Hippoterapinin Genel Endikasyonları:
Hedef kitle – orta ve ağır düzeyde nöromotor disfonksiyonu olan çoçuk ve yetişkinlerdir.
Yaygın problemler:
• Anormal kas tonusu
• Anormal refleksler
• Denge bozuklukları
• Koordinasyon bozuklukları
• İletişim bozuklukları
• Oral motor fonksiyon bozuklukları
• Sensörimotor fonksiyon bozuklukları
• Postüral asimetri
Postüral kontrol bozuklukla Tıbbi durumlar:
• Otizm • Kromozom anomalileri veya kayıpları
• Serebral Palsi
• Serebrovaskiler olay/inme
• Gelişim gerilikleri
Fonksiyonel omurga eğrilikleri:
Skolyoz, kifoz ve lordoz
• Multiple Skleroz/Nöromüsküler disfonksiyon
• Duyu algılama bozuklukları
Kazanılmış beyin hasarlar Hippoterapinin Kontrendikasyonları:
• Güvenlik sorunu yaratabilecek aktif mental rahatsızlıklar (ateşe verme, intihar eğilimi, hayvanlara kötü muamele, saldırgan tutum, vb..)
• Akut disk hernisi (sinir kökü basılı veya basısız)
• Nörolojik semptomlarla birlikte Chiari II Malformasyonu
• Atlantoaksiyal instabilite – Hekim tarafından değerlendirilmiş olan nörolojik bulgular – C2’ye göre yer değiştirmiş olan C1 vertebra; bazen jüvenil romatoid artrit veya down sendromulu bireylerde görülebilir.
• Koxartroz – Kalça ekleminin dejenerasyonu; femoral baş düzleşmiştir; soket eklemden ziyade menteşe eklem gibi işlev görür. At üzerinde oturmak ekleme aşırı yük bindirir.
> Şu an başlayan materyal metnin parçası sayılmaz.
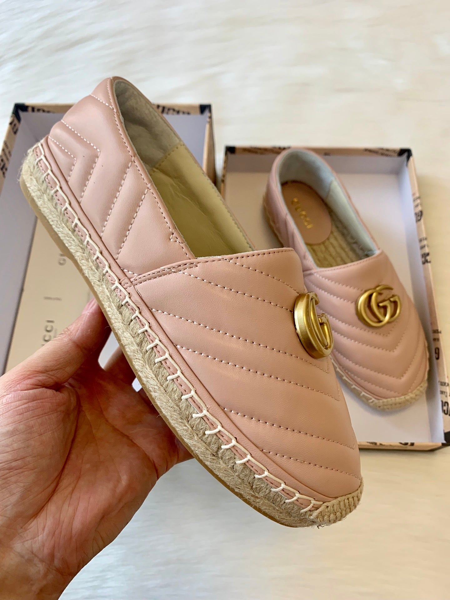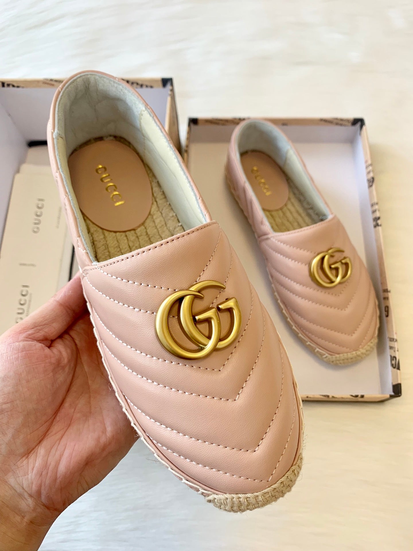 gg espadrilles powder pink calfskin
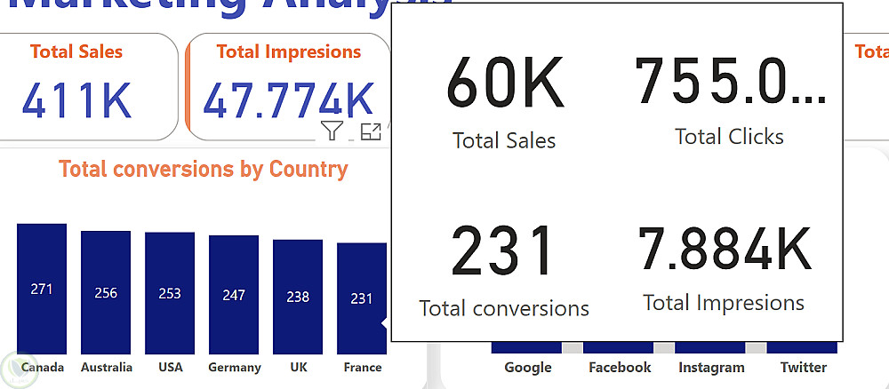 • تم إضافة نافذة منبثقة توضيحية (Tooltip) تسهل معرفة كل (KPI) خاصة بكل دولة علي حدي مع إمكانية تطبيقها بصور مختلفة علي جميع الشارتات (Charts)
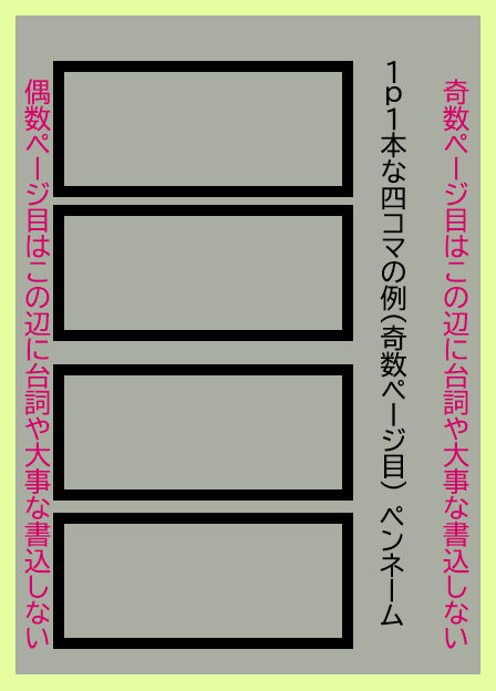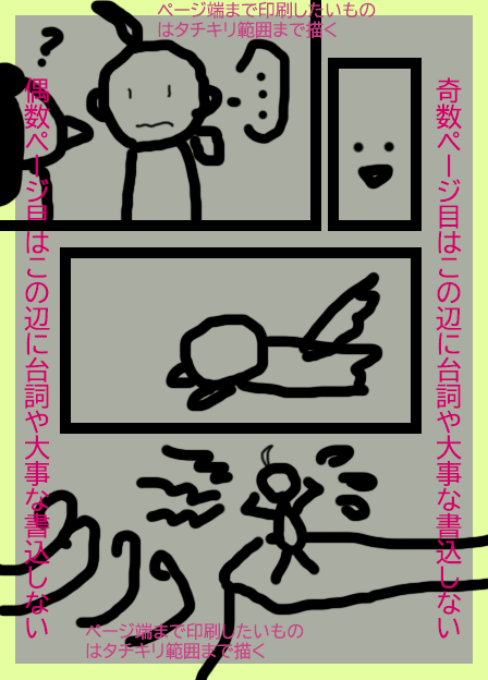 1・3・5~ページは右側、2・4・6~ページ目は左側が本の綴じ(ホチキスした)側になり、見えにくいです。この辺りには吹き出し、文字、表情など大事な物は置かないようにしてください。

• Down Sendromu – iki yaşından küçük
• Gran Mal Nöbetler – ilaçla kontrol edilemeyen
• Yakın zamanda kanamalı hikayesi olan hemofili
• Kalıcı kateterler (bayanlar)
• Akut alevlenme sırasında olan tıbbi durumlar (RA, nükleus pulposus hernisi, MS, Diyabet, vb..)
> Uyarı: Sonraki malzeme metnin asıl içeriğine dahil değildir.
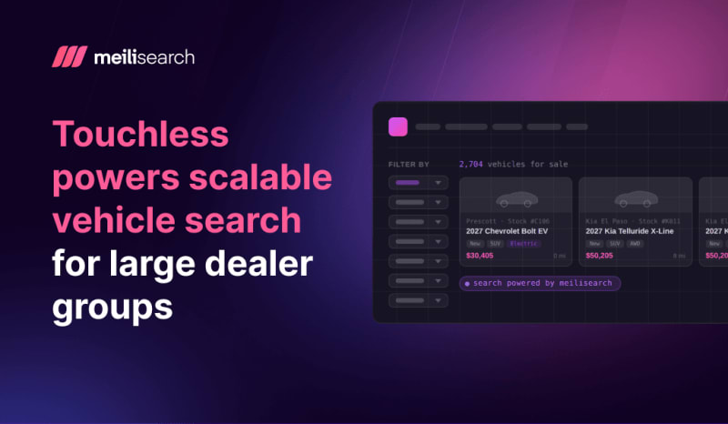 Touchless, a Toronto-based automotive tech company, uses Meilisearch to power vehicle inventory search for large dealer groups. Their marketplace platform serves dealer groups with 3,000–9,000 vehicles per group across ~100 locations. Key reasons for choosing Meilisearch over Algolia include API flexibility, seamless
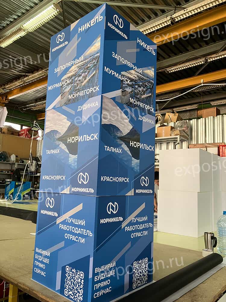 Куб в виде подставки – подиума может обладать зеркальными поверхностями. Для изготовления таких фигур часто применяется баннерная основа.
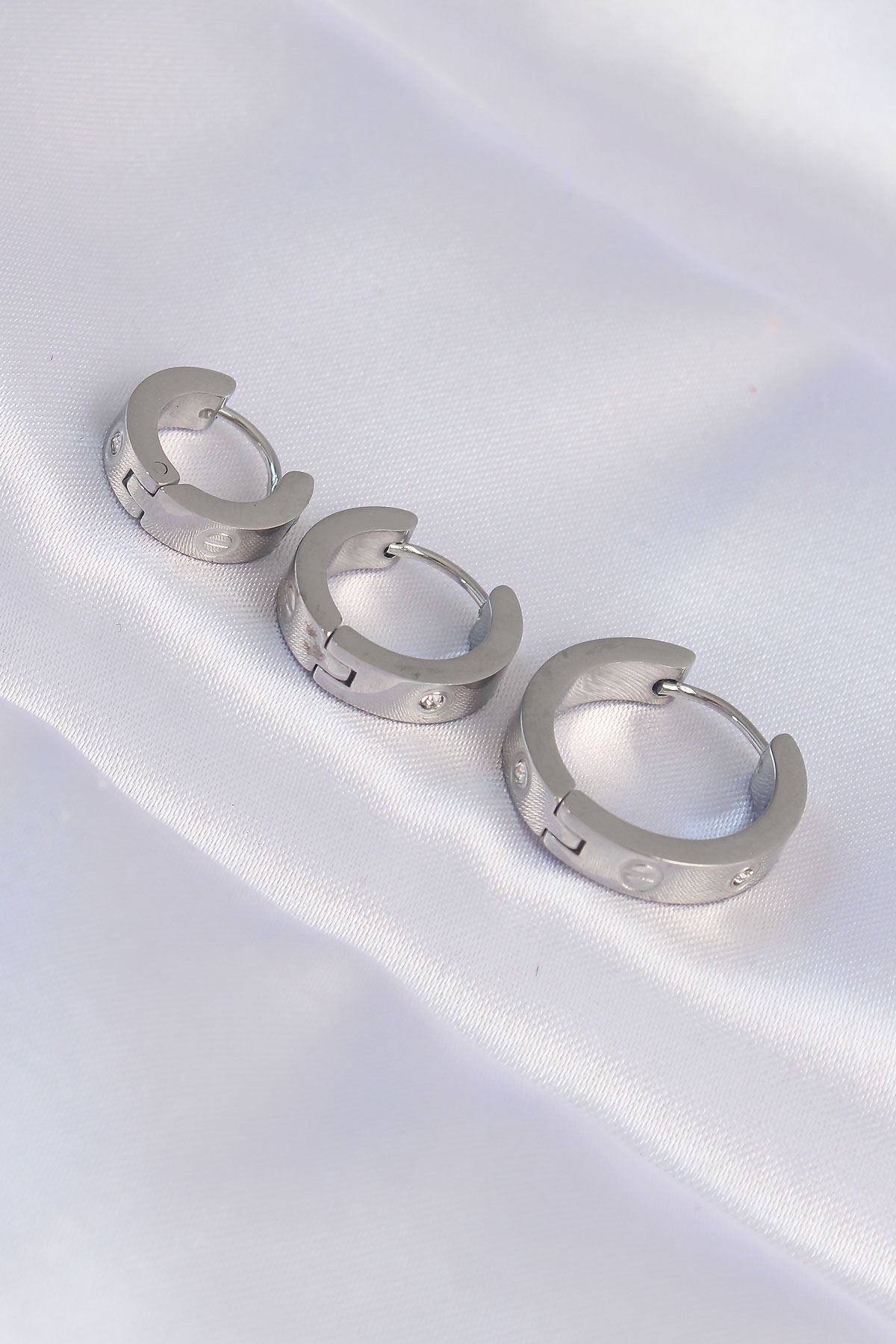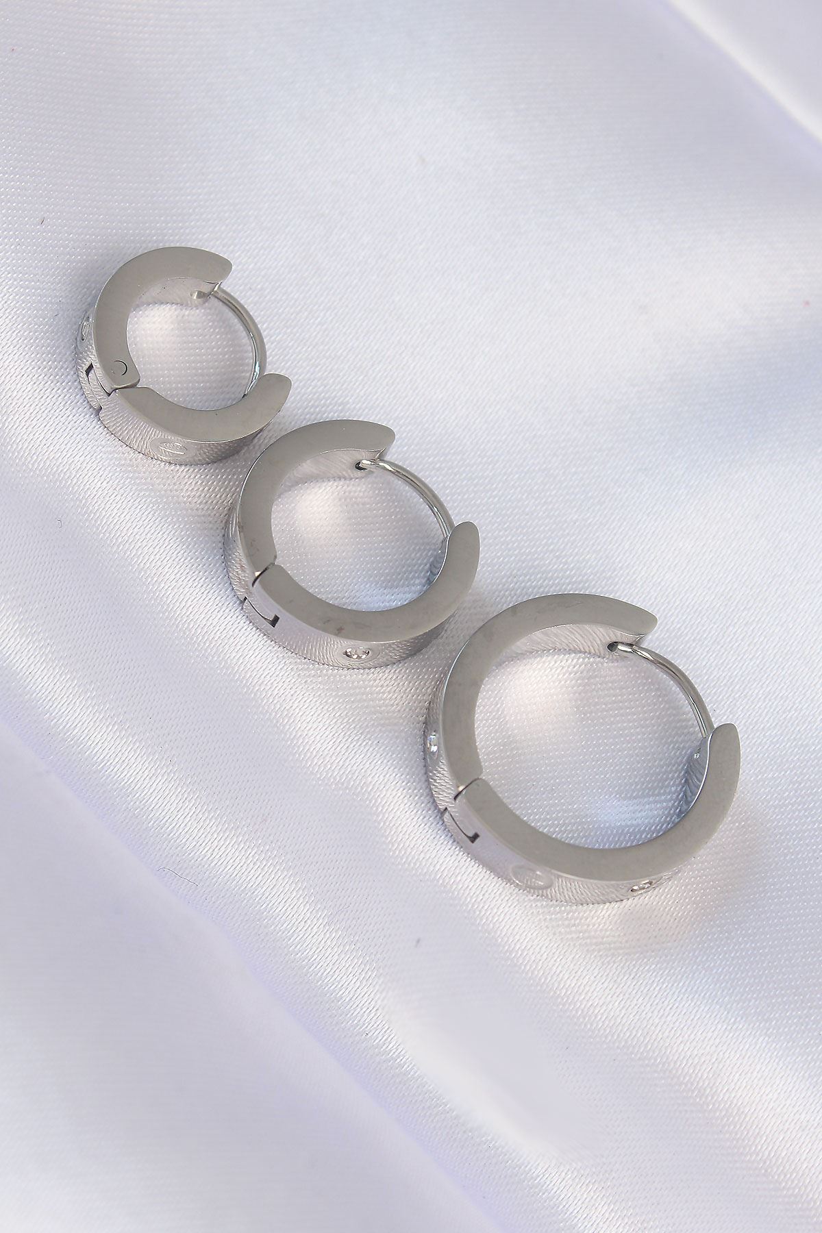 316L Çelik Gümüş Renk Zirkon Taşlı Model 3lü Halka Küpe - TJ-BKP9008

• Ağırlığı taşıyan yüzey üzerinde açık yaralar.
• Patalojisi tedavi edilememiş patalojik kırıklar,ciddi osteoporoz, osteogenesis imperfekta, kemik tümörü, vb..
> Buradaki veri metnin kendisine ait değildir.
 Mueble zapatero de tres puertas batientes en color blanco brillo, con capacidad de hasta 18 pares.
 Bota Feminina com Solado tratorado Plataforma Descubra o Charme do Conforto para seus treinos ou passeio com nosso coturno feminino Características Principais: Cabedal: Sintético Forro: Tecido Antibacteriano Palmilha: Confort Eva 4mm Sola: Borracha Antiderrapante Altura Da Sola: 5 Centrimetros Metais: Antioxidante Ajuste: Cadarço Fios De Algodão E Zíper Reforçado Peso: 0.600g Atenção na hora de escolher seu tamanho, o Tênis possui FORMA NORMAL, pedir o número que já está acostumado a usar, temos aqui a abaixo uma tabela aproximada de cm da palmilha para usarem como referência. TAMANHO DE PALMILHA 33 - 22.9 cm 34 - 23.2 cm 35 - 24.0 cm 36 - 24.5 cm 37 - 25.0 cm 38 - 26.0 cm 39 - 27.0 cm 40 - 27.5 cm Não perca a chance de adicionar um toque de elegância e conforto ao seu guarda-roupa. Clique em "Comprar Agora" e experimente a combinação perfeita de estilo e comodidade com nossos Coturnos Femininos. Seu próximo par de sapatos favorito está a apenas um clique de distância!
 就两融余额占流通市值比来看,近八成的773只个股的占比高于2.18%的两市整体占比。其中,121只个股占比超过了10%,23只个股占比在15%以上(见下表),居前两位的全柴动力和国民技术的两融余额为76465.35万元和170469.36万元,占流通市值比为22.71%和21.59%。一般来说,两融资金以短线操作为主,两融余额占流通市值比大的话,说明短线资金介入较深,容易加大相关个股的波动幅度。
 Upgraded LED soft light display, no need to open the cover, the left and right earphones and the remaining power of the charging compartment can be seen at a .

• Semptomları ile birlikte spinal kanal darlığı
• Stabil olmayan spinal kord ve platinler
Hippoterapi ile ilgili pek çok bilimsel çalışma yapılmıştır. McGibbon ve arkadaşları (1998) yaptıkları bir çalışmada 8 haftalık hippoterapi uygulamalarından sonra Spastik Serebral Palsili çocukların yürüme ve kaba motor fonksiyonlar sırasında enerji tüketimlerinin azaldığını göstermişler. Bir başka çalışmada Benda ve arkadaşları (2003) 4-12 yaş arası 15 serebral palsili çocukta yaptıkları çalışmada hippoterapinin kas simetrisini artırdığı sonucuna varmışlar. Kanıta dayalı bu ve benzeri uygulamalar bizlere gösteriyor ki hippoterapi klasik tedavilerin yanında kullanılabilen iyi bir destek tedavi yöntemidir.